ASSIGNED TASK: In this exercise, retype exactly and only the lines from the top of the entries below through the line that holds "окончания установки, после", omitting pictures.

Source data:
--- START ---

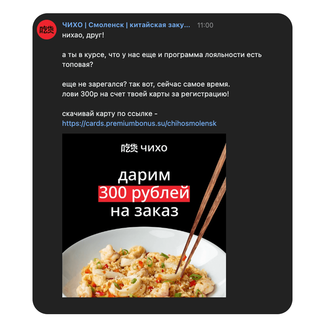 2 раза в неделю пользователям отправлялись стимулирующие рассылки в боте (рис.2 и рис.3). ЧИХО порадовали своим изобилием всевозможных промоакций, поэтому пользователям было полезно находится в боте, т.к мы радовали их промокодами и информацией о системе лояльности.
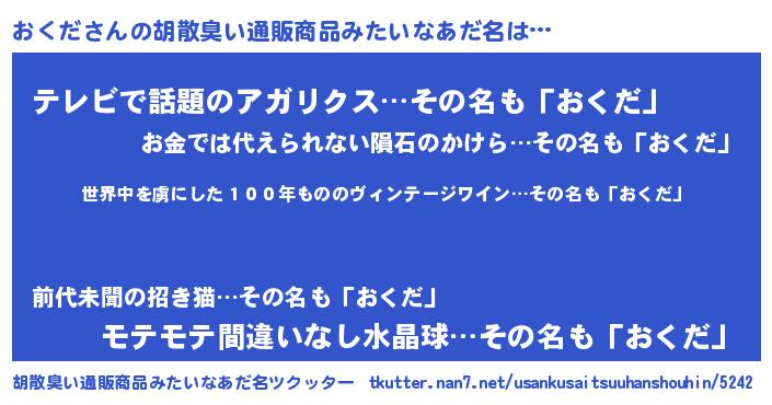 | 意味不明あだ名 | 『住所不定無職おくだ(13歳)』『自称おくだ』 |
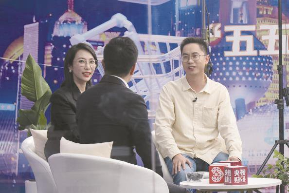 5月1日,拼多多副总裁侯凯笛(左一)与新质商家代表王辉(右一)共同参加拼多多联合中央广播电视总台推出的“五五购物节”专项直播节目 李思轩 摄
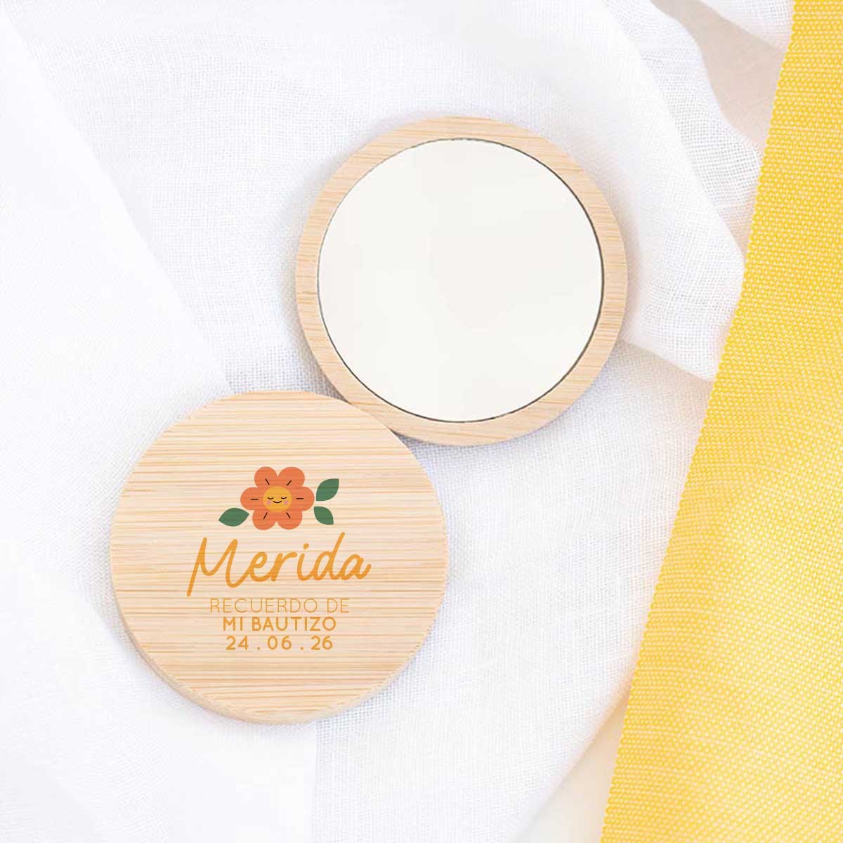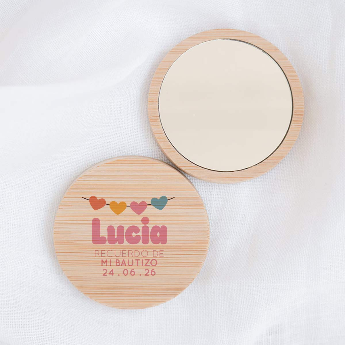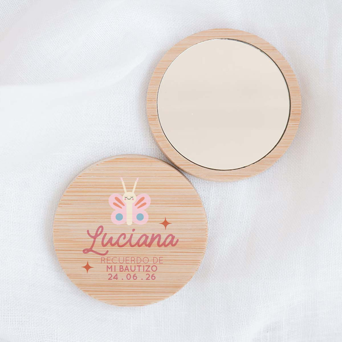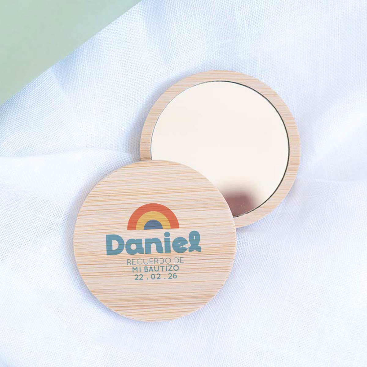 Sorprende a tus invitados con un recuerdo de bautizo original, elegante y realmente útil. Este espejo de bambú es el detalle perfecto para celebrar el nacimiento de tu bebé o su bautizo, combinando diseño natural y funcionalidad en un regalo que no quedará olvidado en un cajón.
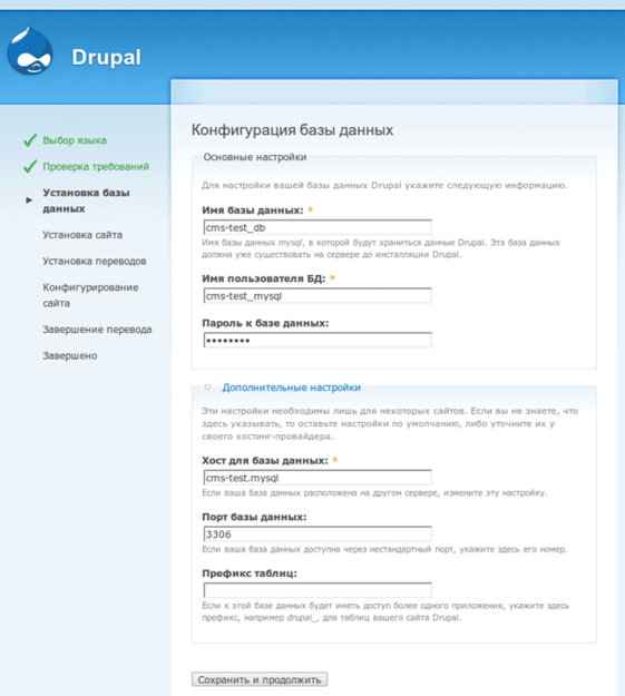 Далее нажать «Сохранить и продолжить». Дождаться окончания установки, после чего заполнить необходимые поля:
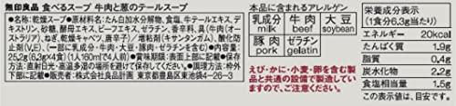 原材料名 : たん白加水分解物、食塩、牛テールエキス、デキストリン、砂糖、酵母エキス、ビーフエキス、ゼラチン、香辛料、具 (牛肉 (オーストラリア) 、ねぎ、乾燥キャベツ、唐辛子、増粘剤 (キサンタンガム) 、酸化防止剤 (V.E) (一部に乳成分、牛肉、大豆、豚肉、ゼラチンを含む)内容量 : 25.2g (6.3g×4食) (1人160mlで4人前)保存方法 : 直射日光・高温多湿の場所を避けて保存賞味期限 : 製造日から365日本品に含まれるアレルゲン : 乳成分、牛肉、大豆、豚肉、ゼラチン【重要】メーカーによる商品リニューアルに伴いパッケージ(内容量も含む)変更が行われた場合、新パッケージでお届け致します事ご了承願います。
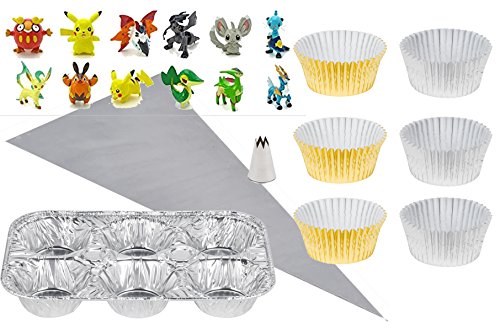 -. Title : Pokemon Cupcake Birthday Party Kit - 28 Gold Baking Cups, 3 Piping Bags, 2 6-Cup Baking Tins, 1 Steel Pastry Piping Tip, 12 Assorted Pokemon Characters

--- END ---

REPLY TO THE TASK:
 2 раза в неделю пользователям отправлялись стимулирующие рассылки в боте (рис.2 и рис.3). ЧИХО порадовали своим изобилием всевозможных промоакций, поэтому пользователям было полезно находится в боте, т.к мы радовали их промокодами и информацией о системе лояльности.
 | 意味不明あだ名 | 『住所不定無職おくだ(13歳)』『自称おくだ』 |
 5月1日,拼多多副总裁侯凯笛(左一)与新质商家代表王辉(右一)共同参加拼多多联合中央广播电视总台推出的“五五购物节”专项直播节目 李思轩 摄
 Sorprende a tus invitados con un recuerdo de bautizo original, elegante y realmente útil. Este espejo de bambú es el detalle perfecto para celebrar el nacimiento de tu bebé o su bautizo, combinando diseño natural y funcionalidad en un regalo que no quedará olvidado en un cajón.
 Далее нажать «Сохранить и продолжить». Дождаться окончания установки, после чего заполнить необходимые поля:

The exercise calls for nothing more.